> **How to complete this task**:
Copy, exactly as written, the lines that begin at the one containing "650 Комплект струн" and end at the one containing "XX县供销社党支部2025年工作总结(精品)". Skip any pictures in the data below.

> **Data under study**:
--- --- ---
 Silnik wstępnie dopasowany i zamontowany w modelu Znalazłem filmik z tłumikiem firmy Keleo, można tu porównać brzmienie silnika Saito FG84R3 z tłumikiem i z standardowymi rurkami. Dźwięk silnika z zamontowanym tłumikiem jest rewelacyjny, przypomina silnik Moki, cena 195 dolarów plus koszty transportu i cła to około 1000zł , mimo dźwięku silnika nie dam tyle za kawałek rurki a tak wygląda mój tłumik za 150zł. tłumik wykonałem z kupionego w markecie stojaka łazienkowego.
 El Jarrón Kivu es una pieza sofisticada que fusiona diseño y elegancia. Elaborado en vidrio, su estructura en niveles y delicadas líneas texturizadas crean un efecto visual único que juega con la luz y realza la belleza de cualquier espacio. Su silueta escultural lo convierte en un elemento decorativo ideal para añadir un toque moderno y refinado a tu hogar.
--- --- ---
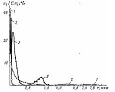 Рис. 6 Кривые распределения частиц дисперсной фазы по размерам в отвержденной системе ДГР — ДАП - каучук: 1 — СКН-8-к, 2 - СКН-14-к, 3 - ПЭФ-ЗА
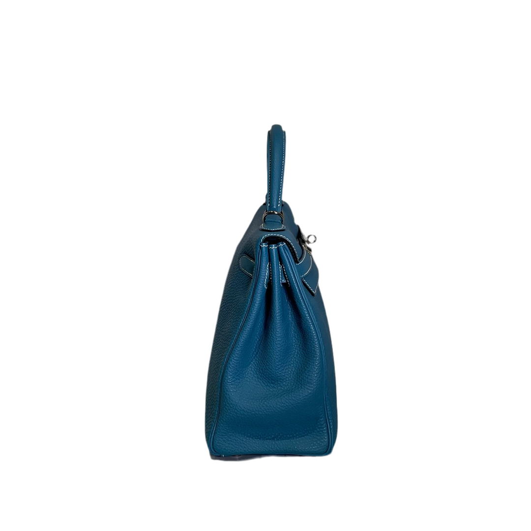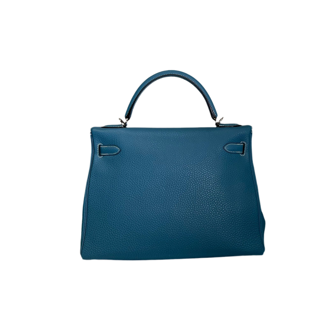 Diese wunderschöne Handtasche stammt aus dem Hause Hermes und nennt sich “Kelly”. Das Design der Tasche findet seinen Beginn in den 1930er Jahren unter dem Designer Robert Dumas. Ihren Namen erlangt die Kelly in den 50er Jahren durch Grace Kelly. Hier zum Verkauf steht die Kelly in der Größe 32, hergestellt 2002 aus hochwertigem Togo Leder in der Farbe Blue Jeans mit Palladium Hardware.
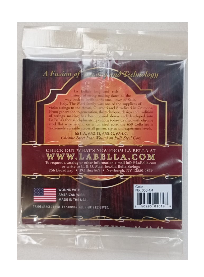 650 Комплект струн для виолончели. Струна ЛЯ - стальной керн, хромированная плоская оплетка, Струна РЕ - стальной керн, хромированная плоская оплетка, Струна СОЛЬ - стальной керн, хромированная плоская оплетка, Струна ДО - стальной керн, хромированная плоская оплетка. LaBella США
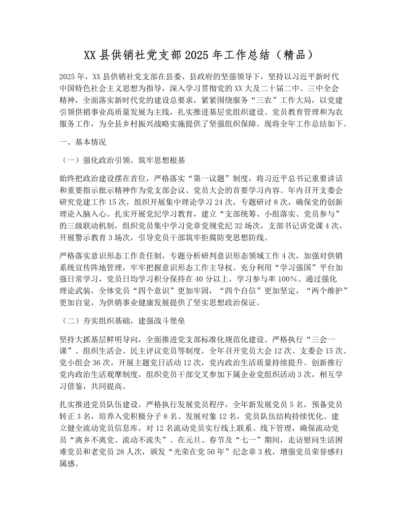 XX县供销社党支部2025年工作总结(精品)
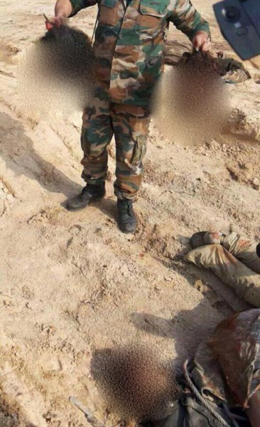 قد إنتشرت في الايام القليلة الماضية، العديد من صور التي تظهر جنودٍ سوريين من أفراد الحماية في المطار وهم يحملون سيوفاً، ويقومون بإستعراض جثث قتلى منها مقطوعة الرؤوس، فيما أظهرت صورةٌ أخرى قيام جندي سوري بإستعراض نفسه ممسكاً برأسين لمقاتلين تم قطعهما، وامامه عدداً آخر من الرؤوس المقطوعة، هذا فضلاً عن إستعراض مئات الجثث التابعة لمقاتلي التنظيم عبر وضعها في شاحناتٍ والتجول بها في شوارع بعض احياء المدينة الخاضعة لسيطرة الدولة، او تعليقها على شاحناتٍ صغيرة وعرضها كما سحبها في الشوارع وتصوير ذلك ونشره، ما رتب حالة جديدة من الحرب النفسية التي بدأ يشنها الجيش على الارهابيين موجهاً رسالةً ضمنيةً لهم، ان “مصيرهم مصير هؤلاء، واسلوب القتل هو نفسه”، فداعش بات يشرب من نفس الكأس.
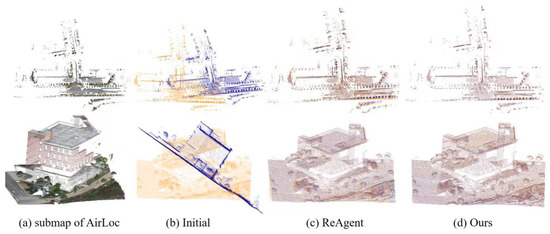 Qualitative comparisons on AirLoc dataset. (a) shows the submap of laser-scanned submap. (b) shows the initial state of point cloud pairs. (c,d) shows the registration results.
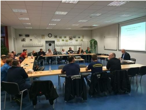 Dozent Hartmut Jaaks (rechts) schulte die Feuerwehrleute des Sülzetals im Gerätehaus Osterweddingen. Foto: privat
--- --- ---
> **Worked solution**:
 650 Комплект струн для виолончели. Струна ЛЯ - стальной керн, хромированная плоская оплетка, Струна РЕ - стальной керн, хромированная плоская оплетка, Струна СОЛЬ - стальной керн, хромированная плоская оплетка, Струна ДО - стальной керн, хромированная плоская оплетка. LaBella США
 XX县供销社党支部2025年工作总结(精品)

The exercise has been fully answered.